◆ **EXERCISE DETAILS**:
Repeat the listing exactly. Do not carry over any pictures.

╭──

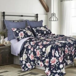 The Fillipa Reversible Twin Quilt by Thatch Home for Levtex Home is inspired by Renaissance floral paintings. Offered in navy and pink, this design will immediately transform your bedroom. This reversible quilt features large scale floral in shades of pink and cream on a dramatic navy ground on the front, reversing to a navy and white buffalo check on the back. The Twin Quilt (68x86in.) has a cotton front, a microfiber back and is filled with a cotton rich filler – all machine washable. Enjoy this for years to come!
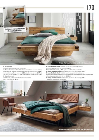 1. Balkenbett* 3. Schwebe-Balkenbett* Wildeiche massiv, natur geölt mit Wuchsrissen,
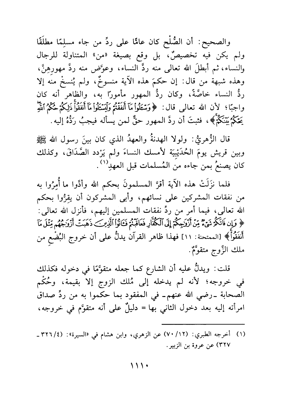 والصحيح: أن الصُّلْح كان عامًّا على ردِّ من جاء مسلِمًا مطلَقًا ولم يكن فيه تخصيصٌ، بل وقع بصيغة "من" المتناولة للرجال النساء، ثم أبطلَ الله تعالى منه ردَّ النساء، وعوَّض منه ردَّ مهورِهِنَّ، وهذه شبهة من قال: إن حكمَ هذه الآية منسوخٌ، ولم يُنسْخ منه إلا ردُّ النساء خاصَّةً، وكان ردُّ المهور مأمورًا به، والظاهر أنه كان واجبًا؛ لأن الله تعالى قال: {وَاسْأَلُوا مَا أَنْفَقْتُمْ وَلْيَسْأَلُوا مَا أَنْفَقُوا ذَلِكُمْ حُكْمُ اللَّهِ يَحْكُمُ بَيْنَكُمْ}، فثبتَ أن ردَّ المهور حقٌّ لمن يسأله فيجُب رَدُّهُ إليه.
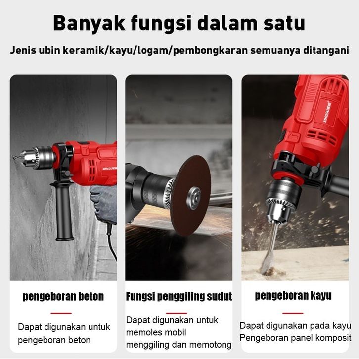 Mesin Bor Listrik 10mm Bolak Balik Electric Drill Bor Beton Kayu Besi Tembok Bor Listrik Impact bor beton bor dinding bo
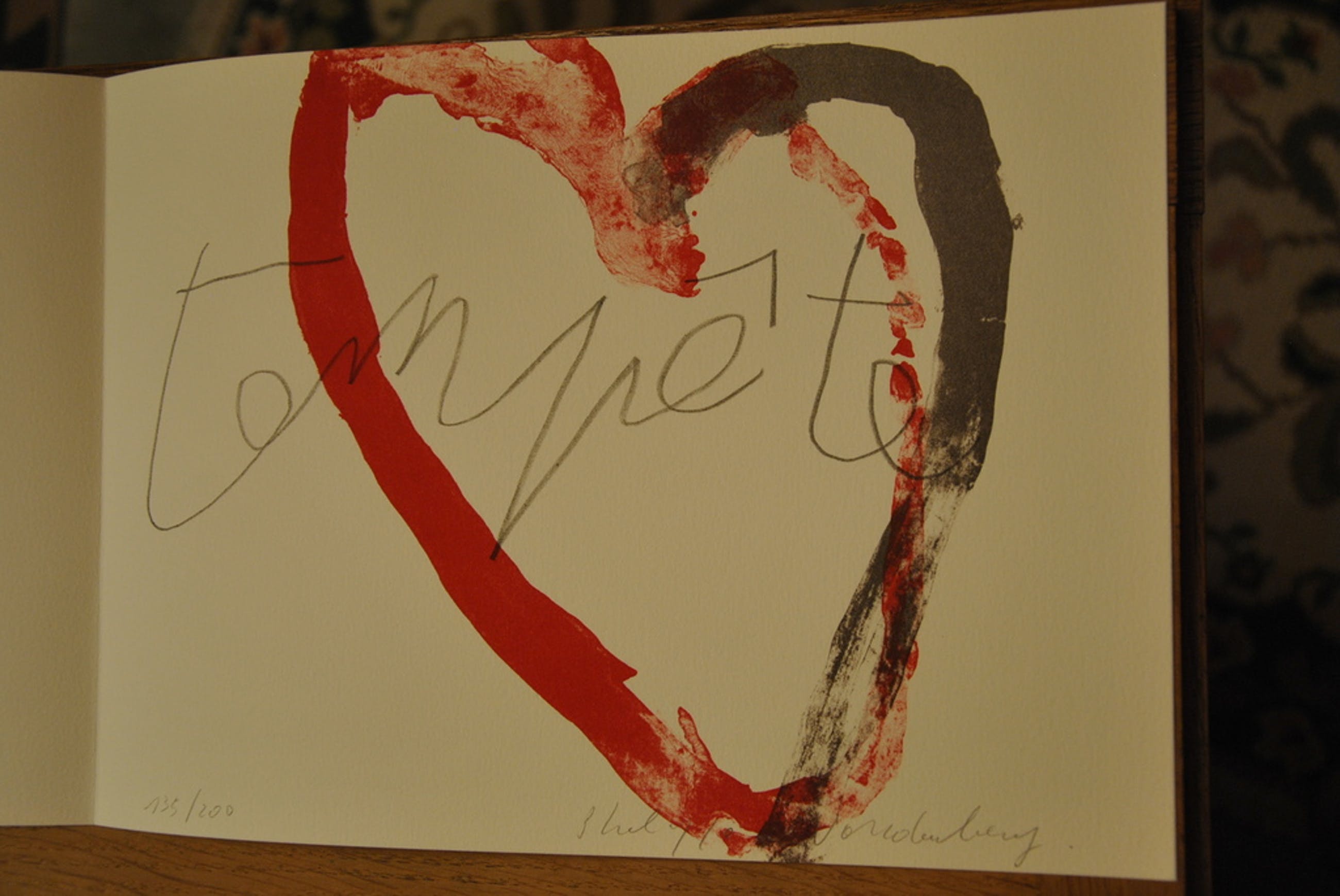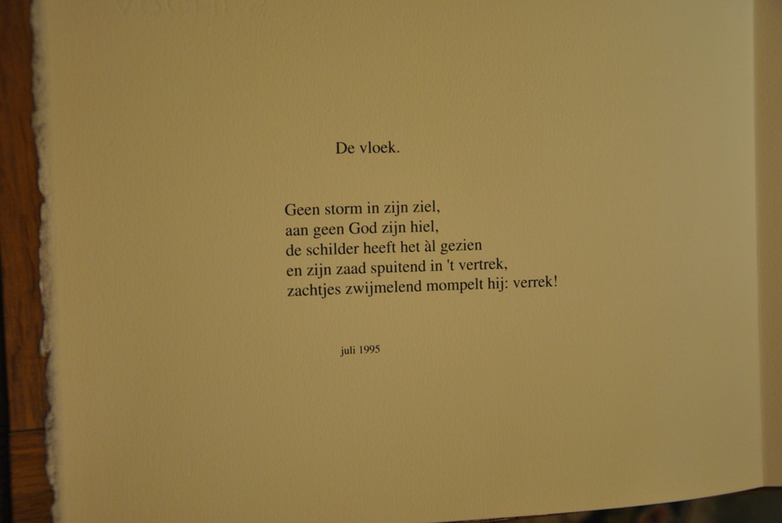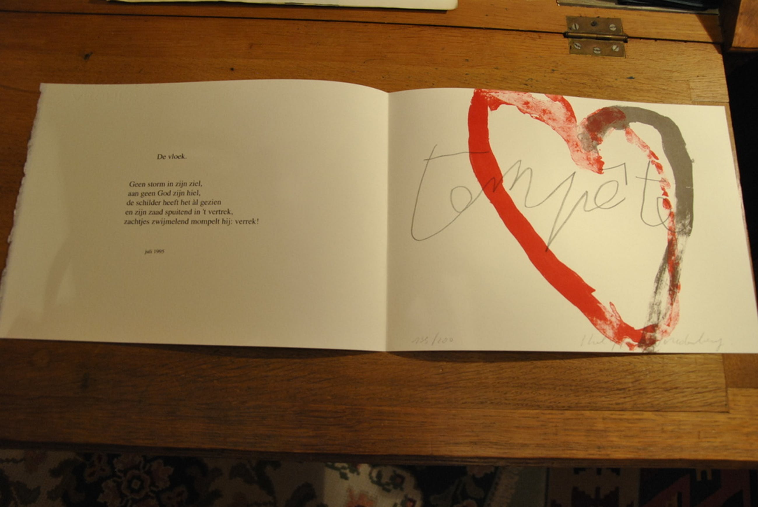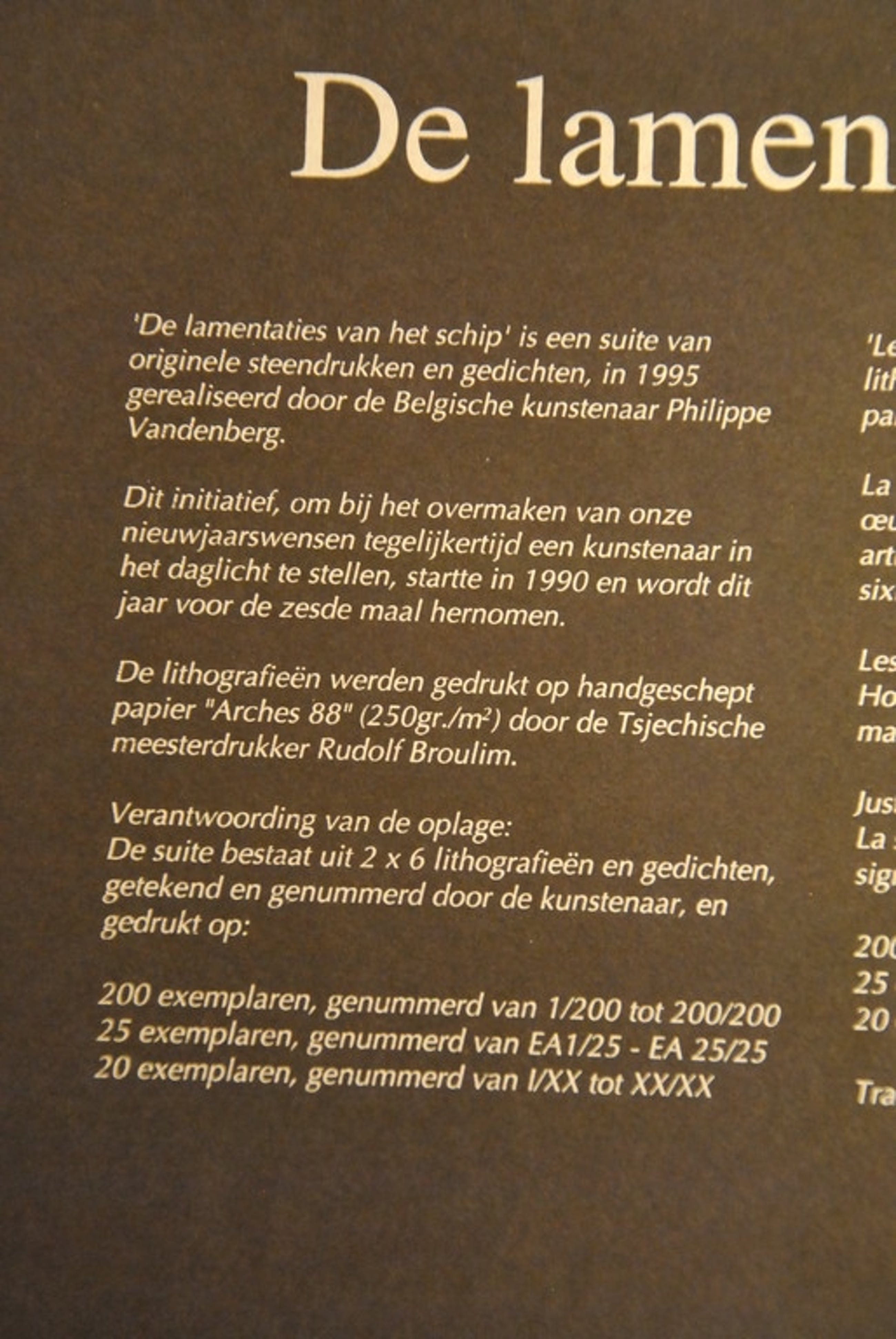 Het betreft de originele afdruk van een lithografie met gedicht op A4-formaat, gerealiseerd door de Belgische kunstenaar Philippe Vandenberg in 1995. Het is een exemplaar uit een suite van 2 x 6 lithografieën en gedichten, getiteld “De lamentaties van het schip”. De lithografie is getekend en genummerd door de kunstenaar. Het draagt nr. 136/200. Niet ingelijst.
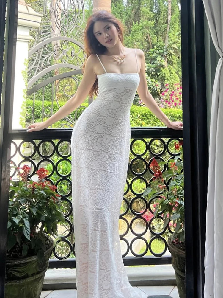 Hnewly See Through Dress Women Backless Sleeveless Cross Lace-Up Spaghetti Strap Sexy Flower Motif Midnight Club Vestidos
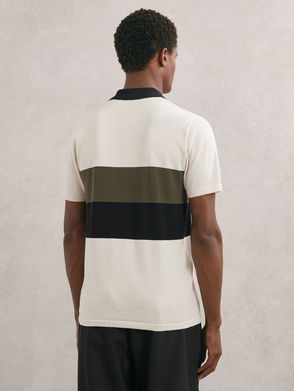 Cotton Mix Knitted Rib Polo Shirt In Ecru
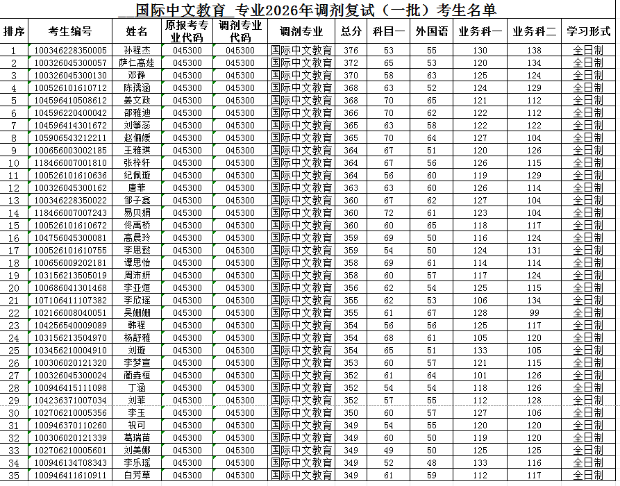 国际中文教育专业2026年调剂复试(第一批)考生名单
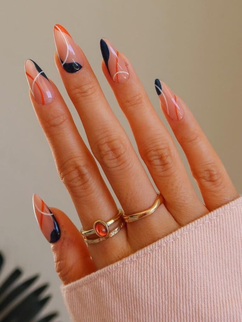 Embrace the graceful beauty of fall with swirling nail designs.
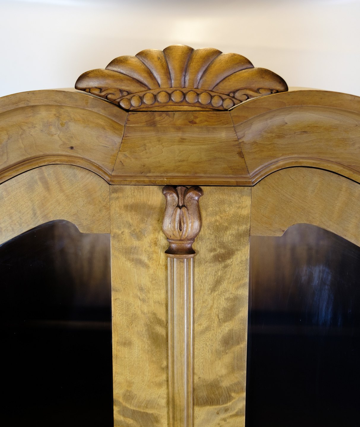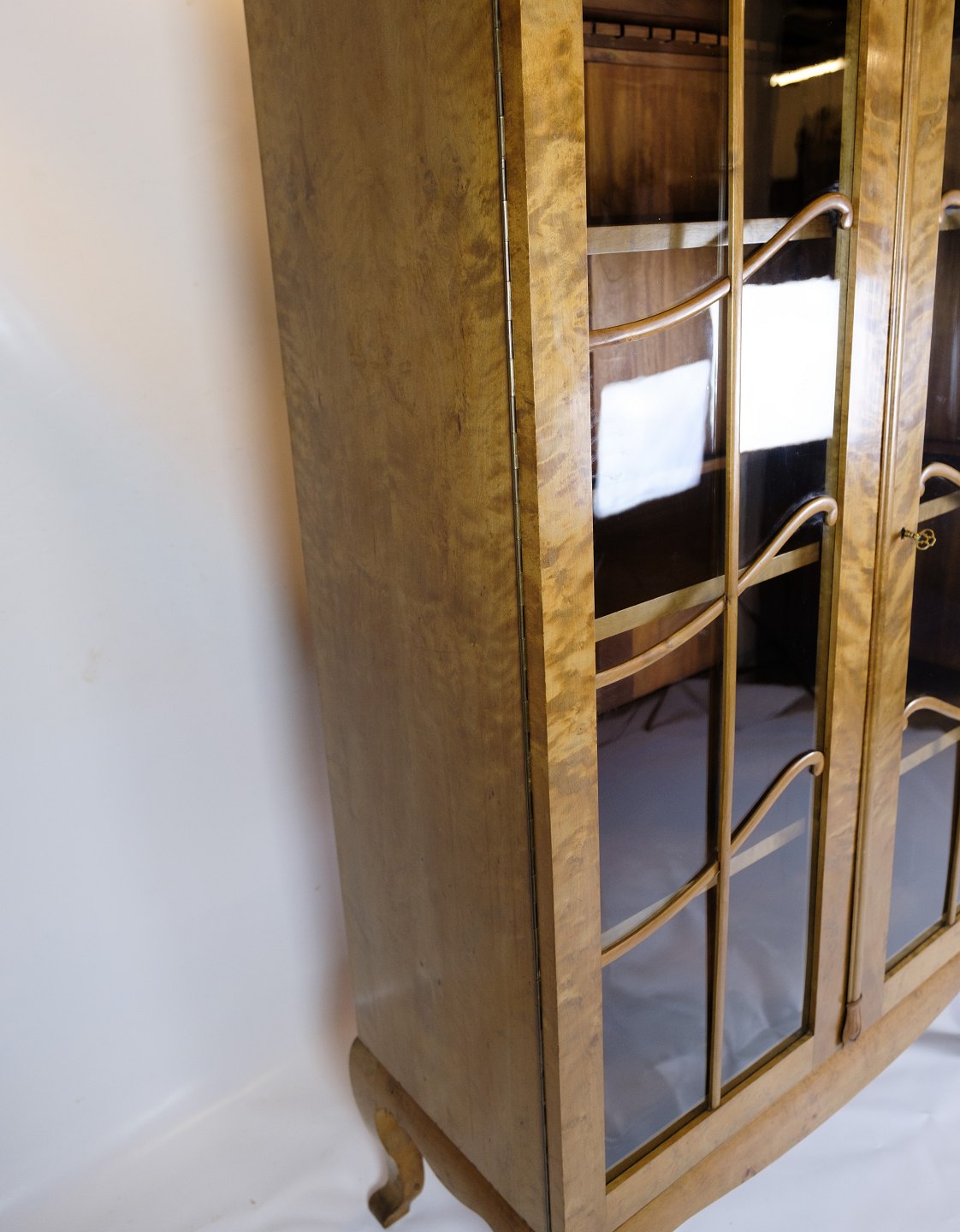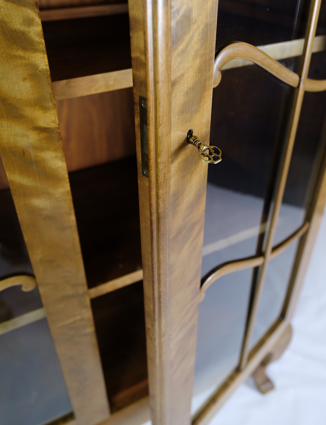 SolgtVitrineskab af birketræ med 3 hylder og glasruder fra omkring år 1920'erne.

╰──

◆ **RESULT FOR THIS EXERCISE**:
 The Fillipa Reversible Twin Quilt by Thatch Home for Levtex Home is inspired by Renaissance floral paintings. Offered in navy and pink, this design will immediately transform your bedroom. This reversible quilt features large scale floral in shades of pink and cream on a dramatic navy ground on the front, reversing to a navy and white buffalo check on the back. The Twin Quilt (68x86in.) has a cotton front, a microfiber back and is filled with a cotton rich filler – all machine washable. Enjoy this for years to come!
 1. Balkenbett* 3. Schwebe-Balkenbett* Wildeiche massiv, natur geölt mit Wuchsrissen,
 والصحيح: أن الصُّلْح كان عامًّا على ردِّ من جاء مسلِمًا مطلَقًا ولم يكن فيه تخصيصٌ، بل وقع بصيغة "من" المتناولة للرجال النساء، ثم أبطلَ الله تعالى منه ردَّ النساء، وعوَّض منه ردَّ مهورِهِنَّ، وهذه شبهة من قال: إن حكمَ هذه الآية منسوخٌ، ولم يُنسْخ منه إلا ردُّ النساء خاصَّةً، وكان ردُّ المهور مأمورًا به، والظاهر أنه كان واجبًا؛ لأن الله تعالى قال: {وَاسْأَلُوا مَا أَنْفَقْتُمْ وَلْيَسْأَلُوا مَا أَنْفَقُوا ذَلِكُمْ حُكْمُ اللَّهِ يَحْكُمُ بَيْنَكُمْ}، فثبتَ أن ردَّ المهور حقٌّ لمن يسأله فيجُب رَدُّهُ إليه.
 Mesin Bor Listrik 10mm Bolak Balik Electric Drill Bor Beton Kayu Besi Tembok Bor Listrik Impact bor beton bor dinding bo
 Het betreft de originele afdruk van een lithografie met gedicht op A4-formaat, gerealiseerd door de Belgische kunstenaar Philippe Vandenberg in 1995. Het is een exemplaar uit een suite van 2 x 6 lithografieën en gedichten, getiteld “De lamentaties van het schip”. De lithografie is getekend en genummerd door de kunstenaar. Het draagt nr. 136/200. Niet ingelijst.
 Hnewly See Through Dress Women Backless Sleeveless Cross Lace-Up Spaghetti Strap Sexy Flower Motif Midnight Club Vestidos
 Cotton Mix Knitted Rib Polo Shirt In Ecru
 国际中文教育专业2026年调剂复试(第一批)考生名单
 Embrace the graceful beauty of fall with swirling nail designs.
 SolgtVitrineskab af birketræ med 3 hylder og glasruder fra omkring år 1920'erne.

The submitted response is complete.